Moreover, the national HIV rate conceals sharp disparities among the 36 states: in four, prevalence ranges from eight to 15 percent.

Why women avoid testing

Tayo and her son have been taking antiretroviral drugs for the last 11 years. They are lucky. Fewer than 600,000 Nigerians are on treatment, or 20 percent of those who need it.

Low treatment coverage perpetuates misconceptions and stigma, as Tayo’s story show.

Abandonment usually translates into economic hardship. Half of women are unemployed in Nigeria.

“The desperation to take care of herself and her child could drive an HIV positive woman into sexual activities to raise money and this could further spread HIV,” says Lucy Attah, a gender activist who lives with HIV. She is executive director of Women and Children of Hope Foundation, which helps HIV positive women, and where IPS met Tayo.

Tayo told IPS she avoided testing for HIV while pregnant. Nigerian public hospitals do routine HIV testing of pregnant women but fear of discrimination if found positive led Tayo to a private hospital where testing was not required.

“It is the biggest regret of my life,” she told IPS.

One reason that pregnant women shun testing, says Hua, is health workers’  “lack of professionalism by not keeping HIV results confidential.”

“At times we had to transfer patients to other hospitals far from where they live because of the disclosure of their HIV status,” she told IPS.

Some health workers avoid any contact with HIV positive women because they mistakenly believe they can contract the virus by mere touching, says Attah.

“On the surface, it seems there is a lot of awareness among health workers but in reality there is a lot of stigma,” says Attah.

An anti-discrimination and confidentiality law has been approved by both houses and is waiting for President Goodluck Jonathan to sign it.

But Nigeria needs more than laws to address the epidemic.

In 2012, UNAIDS described the country’s response as “stagnant” and requiring “a massive effort.”

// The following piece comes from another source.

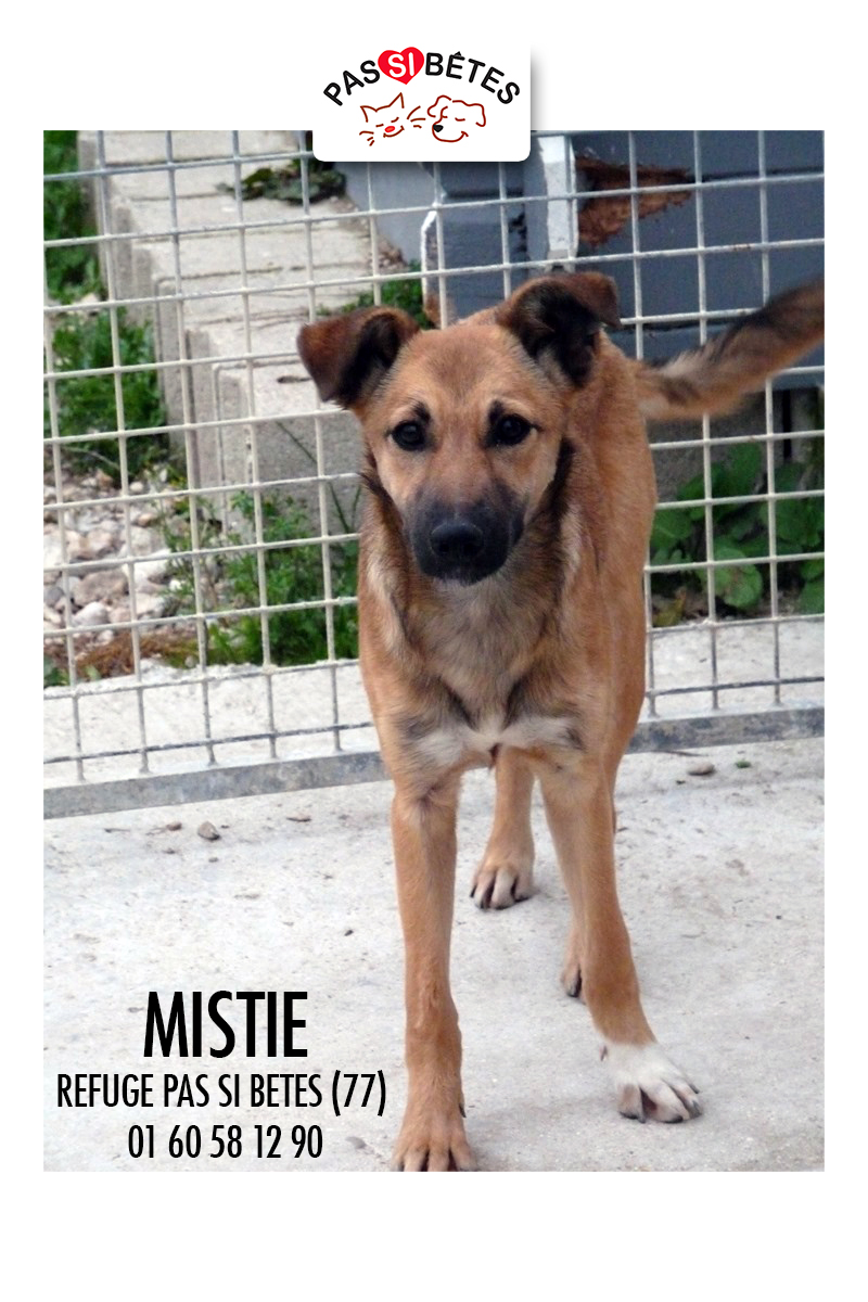 Image précédente Image suivante MISTIE RÉSERVÉE. Femelle née en mars 2019, 11kg, énergique, affectueuse, ok chiens mais pas chats.

Nigeria accounts for 13 percent of all HIV positive people and 19 percent of all AIDS-related deaths in sub-Saharan Africa, according to UNAIDS.

Only Chad ranks lower than Nigeria in treatment coverage of HIV positive pregnant women. (see graph)

Source: UNAIDS Gap report 2014

Source: UNAIDS Gap report 2014

Some good news

Since that damning description, the government has taken bold steps to reduce transmission from mothers to babies (PMTCT) among the 12-worst hit states.

PMTCT coverage went up to by 27 percent in 2013, a significant increase from 19 percent in 2012, according to the United Nations Children’s Fund (UNICEF).

Some states doubled or tripled the number of clinics providing HIV services, bringing the number of PMTCT sites to 2,216 – still far from the 16,400 required for adequate coverage.

The annual number of new child infections went down from 60,000 in 2012 to 51,000 in 2013.

But, with two in three pregnant women shunning antenatal care, the challenge will be reaching them through improvement of services and outreach.

“We must go to them instead of waiting for them to come to the health facility,” Arjan de Wagt, chief for children and HIV with UNICEF in Nigeria, told IPS. “Otherwise, children will continue dying of AIDS unnecessarily.”